The problem.
A word-for-word reproduction of the data below is needed, with no pictures in it.

[Data entries]
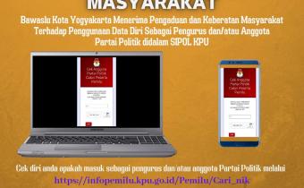 Bawaslu Kota Yogyakarta menerima pengaduan dan keberatan masyarakat terhadap penggunaan data diri sebagai pengurus dan/atau Anggota Partai Politik di dalam SIPOL KPU
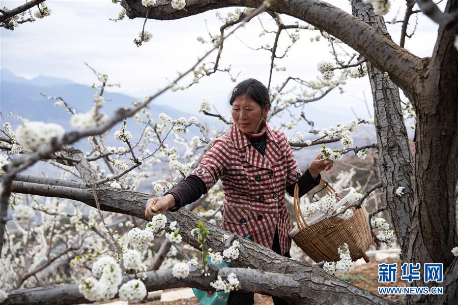 3月19日,汉源县九襄镇后山村村民对梨树进行疏花。 随着气温回升和春雨到来,四川省汉源县九襄镇等地的村民投入到疏花、人工授粉、育苗等农业劳动中。 新华社记者 江宏景 摄
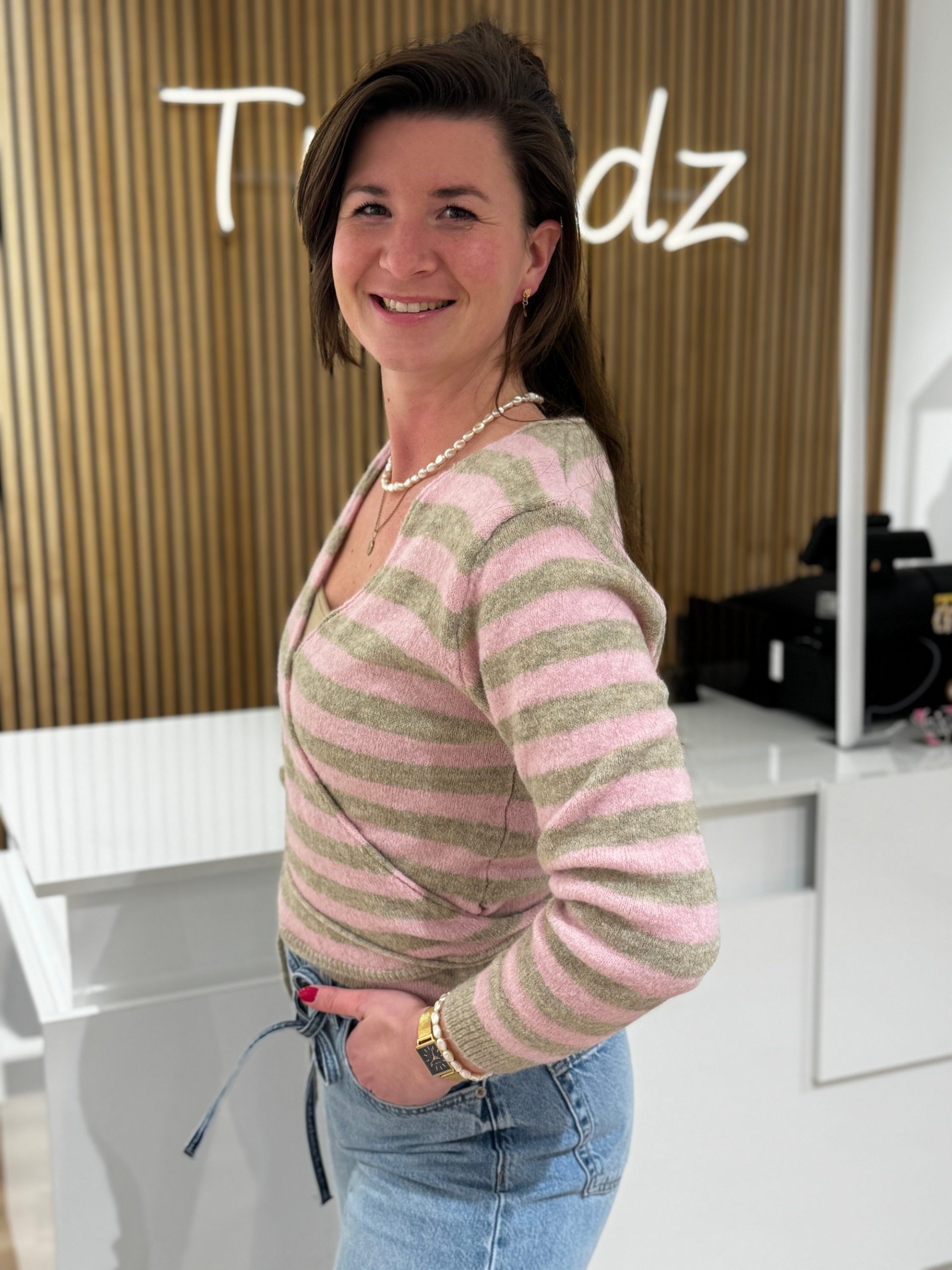 Wikkelvestje Liva taupe/roze
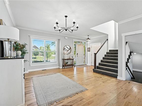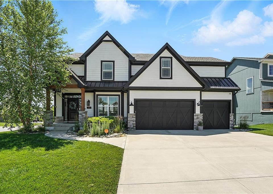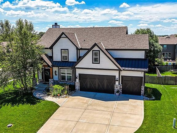 This beautifully crafted 2-story home offers exceptional design, modern functionality, and timeless charm. Perfectly situated on an oversized corner lot in the highly coveted Staley Hills community. With striking modern farmhouse architecture, curated interior finishes, and a spacious layout, this home is a rare find. The main level features rich, upgraded hickory hardwood flooring & a sundrenched great room enhanced by a shiplap accent wall. The gourmet kitchen is a chef's dream highlighted by painted custom cabinetry, Bosch stainless appliances, quartz countertops, an oversized island, and a walk-in pantry. A bright breakfast room, wrapped in windows & finished with a stunning shiplap wall, provides the perfect casual dining space. Thoughtfully designed mudroom area includes a built-in boot bench and cubbies for organization. Main-level powder room showcases designer flair with a farmhouse-inspired sink, wood vanity, & shiplap accents. Step outside to a spacious, covered deck—ideal for alfresco entertaining. Upstairs, the primary suite is a true retreat featuring a tray ceiling, expansive walk-in closet, and a luxurious en-suite bath complete with a freestanding soaker tub, oversized walk-in shower, dual quartz-topped vanities, & refined tilework. Four additional bedrooms provide ample space—one with a private en-suite bath, walk-in closet, and a adorable hidden playroom. Finished lower level offers wide-open space with durable LVP flooring—perfect for a living room, gaming area.  Easily convert area to future 6th bedroom complete with an egress window and closet. Framing is in place for a future full bathroom and wet bar, offering even more possibilities. The backyard is a private oasis with a full privacy fence, expanded patio, cozy fire pit area, and full-yard irrigation system. Permanent holiday lighting enhances curb appeal year-round. Located in one of the Northland’s most desirable neighborhoods complete with swimming pool , park, ponds and walking trails.
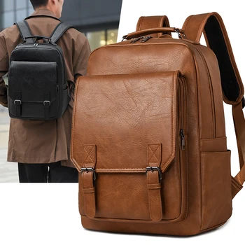 Men's Trendy Retro Business Computer Backpack Large Capacity Waterproof PU Leather Polyester Lining Zipper Closure for Travel

Written response.
 Bawaslu Kota Yogyakarta menerima pengaduan dan keberatan masyarakat terhadap penggunaan data diri sebagai pengurus dan/atau Anggota Partai Politik di dalam SIPOL KPU
 3月19日,汉源县九襄镇后山村村民对梨树进行疏花。 随着气温回升和春雨到来,四川省汉源县九襄镇等地的村民投入到疏花、人工授粉、育苗等农业劳动中。 新华社记者 江宏景 摄
 Wikkelvestje Liva taupe/roze
 This beautifully crafted 2-story home offers exceptional design, modern functionality, and timeless charm. Perfectly situated on an oversized corner lot in the highly coveted Staley Hills community. With striking modern farmhouse architecture, curated interior finishes, and a spacious layout, this home is a rare find. The main level features rich, upgraded hickory hardwood flooring & a sundrenched great room enhanced by a shiplap accent wall. The gourmet kitchen is a chef's dream highlighted by painted custom cabinetry, Bosch stainless appliances, quartz countertops, an oversized island, and a walk-in pantry. A bright breakfast room, wrapped in windows & finished with a stunning shiplap wall, provides the perfect casual dining space. Thoughtfully designed mudroom area includes a built-in boot bench and cubbies for organization. Main-level powder room showcases designer flair with a farmhouse-inspired sink, wood vanity, & shiplap accents. Step outside to a spacious, covered deck—ideal for alfresco entertaining. Upstairs, the primary suite is a true retreat featuring a tray ceiling, expansive walk-in closet, and a luxurious en-suite bath complete with a freestanding soaker tub, oversized walk-in shower, dual quartz-topped vanities, & refined tilework. Four additional bedrooms provide ample space—one with a private en-suite bath, walk-in closet, and a adorable hidden playroom. Finished lower level offers wide-open space with durable LVP flooring—perfect for a living room, gaming area.  Easily convert area to future 6th bedroom complete with an egress window and closet. Framing is in place for a future full bathroom and wet bar, offering even more possibilities. The backyard is a private oasis with a full privacy fence, expanded patio, cozy fire pit area, and full-yard irrigation system. Permanent holiday lighting enhances curb appeal year-round. Located in one of the Northland’s most desirable neighborhoods complete with swimming pool , park, ponds and walking trails.
 Men's Trendy Retro Business Computer Backpack Large Capacity Waterproof PU Leather Polyester Lining Zipper Closure for Travel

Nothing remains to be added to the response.